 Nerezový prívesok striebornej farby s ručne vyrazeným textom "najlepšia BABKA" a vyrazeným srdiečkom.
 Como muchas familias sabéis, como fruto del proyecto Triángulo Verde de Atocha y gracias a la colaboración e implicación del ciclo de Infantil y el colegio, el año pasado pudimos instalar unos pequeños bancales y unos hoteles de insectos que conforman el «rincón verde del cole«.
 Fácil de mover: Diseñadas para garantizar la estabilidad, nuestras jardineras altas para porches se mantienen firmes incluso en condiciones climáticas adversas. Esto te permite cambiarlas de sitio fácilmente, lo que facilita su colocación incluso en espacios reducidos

--------------------

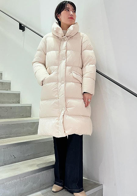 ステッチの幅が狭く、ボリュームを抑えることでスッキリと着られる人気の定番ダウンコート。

--------------------

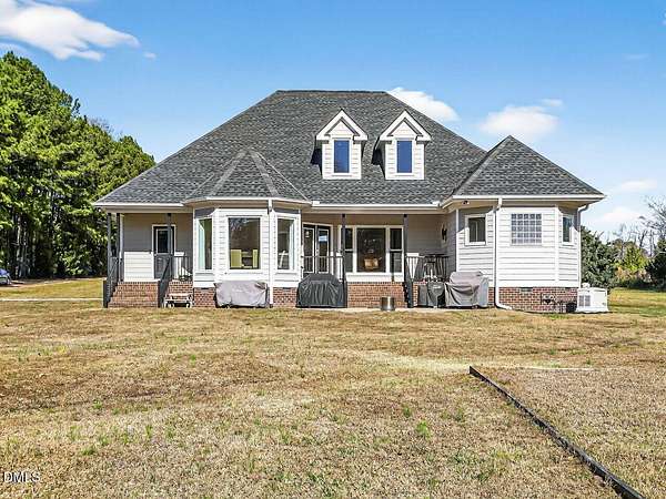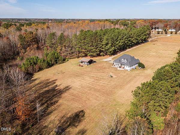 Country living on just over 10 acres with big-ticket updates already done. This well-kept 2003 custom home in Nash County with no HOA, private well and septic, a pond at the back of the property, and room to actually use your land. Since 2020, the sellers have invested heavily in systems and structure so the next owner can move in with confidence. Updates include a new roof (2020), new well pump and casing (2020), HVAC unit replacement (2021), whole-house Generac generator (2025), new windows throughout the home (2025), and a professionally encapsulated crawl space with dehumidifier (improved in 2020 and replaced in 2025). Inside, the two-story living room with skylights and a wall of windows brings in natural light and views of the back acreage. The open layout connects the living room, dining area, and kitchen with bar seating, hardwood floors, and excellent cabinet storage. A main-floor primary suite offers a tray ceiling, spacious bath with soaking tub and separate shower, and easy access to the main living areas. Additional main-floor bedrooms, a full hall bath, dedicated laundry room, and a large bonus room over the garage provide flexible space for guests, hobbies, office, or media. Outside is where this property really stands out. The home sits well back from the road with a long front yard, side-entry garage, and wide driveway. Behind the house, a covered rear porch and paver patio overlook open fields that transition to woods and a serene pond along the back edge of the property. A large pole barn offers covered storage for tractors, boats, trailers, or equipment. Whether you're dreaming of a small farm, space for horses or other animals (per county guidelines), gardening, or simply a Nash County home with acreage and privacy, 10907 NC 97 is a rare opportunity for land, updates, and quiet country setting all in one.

--------------------

_What needs to be done:_
Your answer must be the lines above from the one containing "Nerezový prívesok striebornej" to the one containing "Fácil de mover: Diseñadas", both included, restated word for word.

_Solution:_
 Nerezový prívesok striebornej farby s ručne vyrazeným textom "najlepšia BABKA" a vyrazeným srdiečkom.
 Como muchas familias sabéis, como fruto del proyecto Triángulo Verde de Atocha y gracias a la colaboración e implicación del ciclo de Infantil y el colegio, el año pasado pudimos instalar unos pequeños bancales y unos hoteles de insectos que conforman el «rincón verde del cole«.
 Fácil de mover: Diseñadas para garantizar la estabilidad, nuestras jardineras altas para porches se mantienen firmes incluso en condiciones climáticas adversas. Esto te permite cambiarlas de sitio fácilmente, lo que facilita su colocación incluso en espacios reducidos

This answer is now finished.